Drug giant Allergan PLC (NYSE: AGN) announced its intention Wednesday to fire more than 1,000 employees and eliminate another 400 job openings as it continues to cut costs ahead of the possible loss of exclusivity on its Restasis dry-eye treatment.
Restasis generated about $1.5 billion in revenues for Allergan last year, but the company took an impairment charge of $3.2 billion related to the drug in the third quarter. For the first three quarters of the the 2017 fiscal year the drug has generated sales of $1.08 billion.
In connection with the firings, Allergan will take a restructuring charge of around $125 in the fourth quarter.

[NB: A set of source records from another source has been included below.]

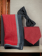 - Package contains: " 1 x Pinpoint Necktie, 1 x Garnet Pocket Square, 1 x Black Bow Tie "
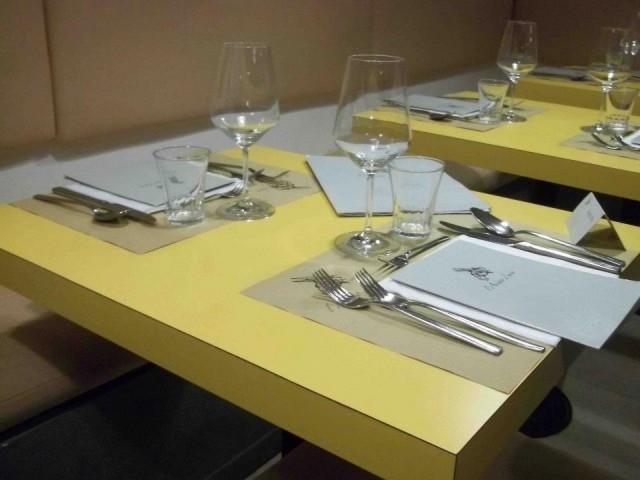 Arredo minimal ma coloratissimo, tra giallo e blu intenso, piccoli tavoli quadrati apparecchiati in maniera molto easy, un servizio misurato ma sciolto, una carta dei vini non ampia ma ben studiata e una bella scelta di birre artigianali.
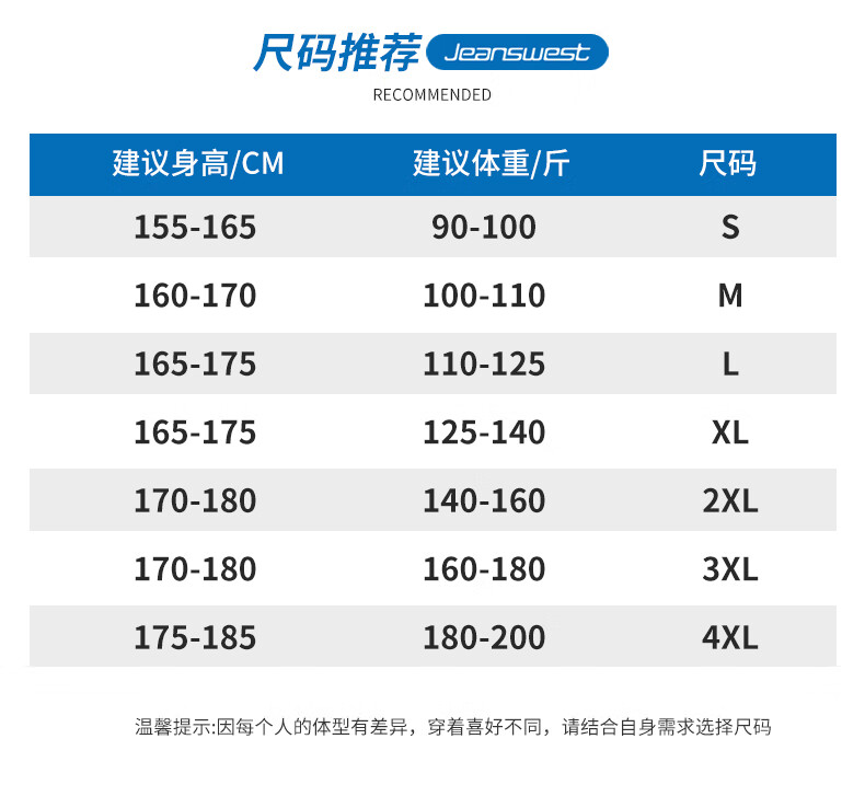 China (cm) 165 / 88-90 170 / 96-98 175 / 108-110 180 / 118-122 185 / 126-130

Allergan recently lost exclusivity on Estrace, its treatment for menopause. Mylan and Teva have both received approval to sell generic versions of the drug that contributed about $276 million to Allergan sales in the first three quarters of 2017.
The revenue declines associated with the exclusivity losses led the company’s CEO Brenton Saunders to take action to reduce costs rapidly. The layoffs announced Wednesday are part of his efforts to reduce operating expenses by $300 to $400 million in 2018.
The restructuring costs do not include charges related to possible building closures, contract terminations, and other items.
Allergan employs about 18,000 people so the cuts will cut its workforce by about 5.5% in “commercial and other functions” according to a filing with the U.S. Securities and Exchange Commission. The company also said it “will achieve additional cost reductions through non-headcount spending rationalization.”
Maybe that means the remaining 17,000 employees won’t have to worry about losing their jobs this year. Then again, who wouldn’t worry?
Allergan stock traded up about 0.7% following the announcement at $171.49 in a 52-week range of $160.07 to $256.80. The 12-month consensus price target on the stock is $224.95.